American actress and model (born 1942)

Angel Tompkins (born December 20, 1942) is an American actress and model. She appeared in several films and television shows, and is a Golden Globe nominee.

==Career==
Angel Tompkins's performance in the comedy I Love My Wife (1970), resulted in her being nominated for a Golden Globe award. Tompkins was featured in the pictorial "Angel" in the February 1972 edition of Playboy; subsequently, the magazine used her in three more editions, all presumably related to that film promotion.
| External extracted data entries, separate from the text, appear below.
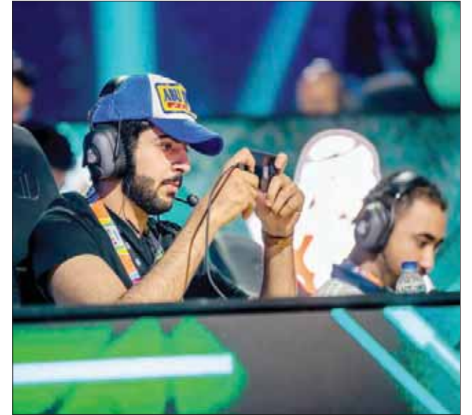
بطولة كأس العالم لتحدي بجي موبايل التي اختتمت في الرياض أمس شهدت مشاركة 32 فريقاً من حول العالم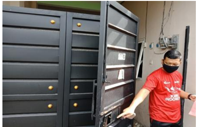
Jl. Karanganyar No. 206B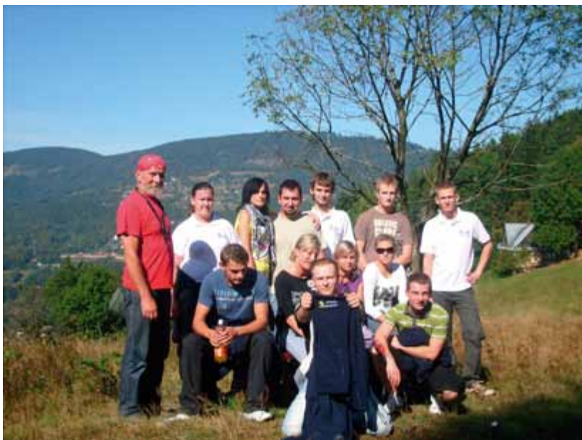
Warsztaty wyjazdowe dla usamodzielniających się wychowanków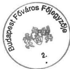
dr. Számadó Tamás

A főpolgármester – a katasztrófavédelemről és a hozzá kapcsolódó egyes törvények módosításáról szóló 2011. évi CXXVIII. törvény 48. § (4) bekezdése alapján gyakorolt –hatáskörében eljárva: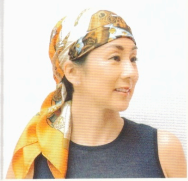
スカーフを使うアレンジ： パイレーツ巻き

後ろはかなり短めで前の方が長めのショートボブ。洗った後にドライヤー、仕上げにアイロンを使います。ブラシはまったく使いません。 ブラウス/ゾー&ネマ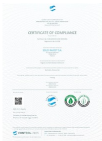
certificat Organic100 Taille du fichier: 720 Ko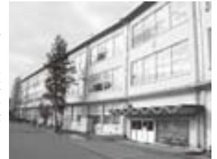
旧校舎と波形屋根

平成十八年十一月完成の新校舎には、その願いに応えるように、波形屋根とまわり階段が城北のシンボルとして受け継がれました。特にま

She appeared in Prime Cut (1972) with Lee Marvin, Gene Hackman, and Sissy Spacek and Little Cigars (1973) as a gangster's moll who teams up with a gang of little people. She also appeared with Anthony Quinn in The Don Is Dead (1973), with former child star Jay North in The Teacher (1974), and with Bo Svenson in the action sequel Walking Tall Part 2 (1975). Her later films included The One Man Jury (1978), The Bees (1978), Alligator (1980), The Naked Cage (1986), Dangerously Close (1986), and Murphy's Law (1986), opposite Charles Bronson.

In 1987, Tompkins appeared in the comedy film Amazon Women on the Moon and with Ann-Margret in the film A Tiger's Tale, and made her last film appearances in Relentless (1989) and Crack House (1989). She also works in the commercial voice-over field.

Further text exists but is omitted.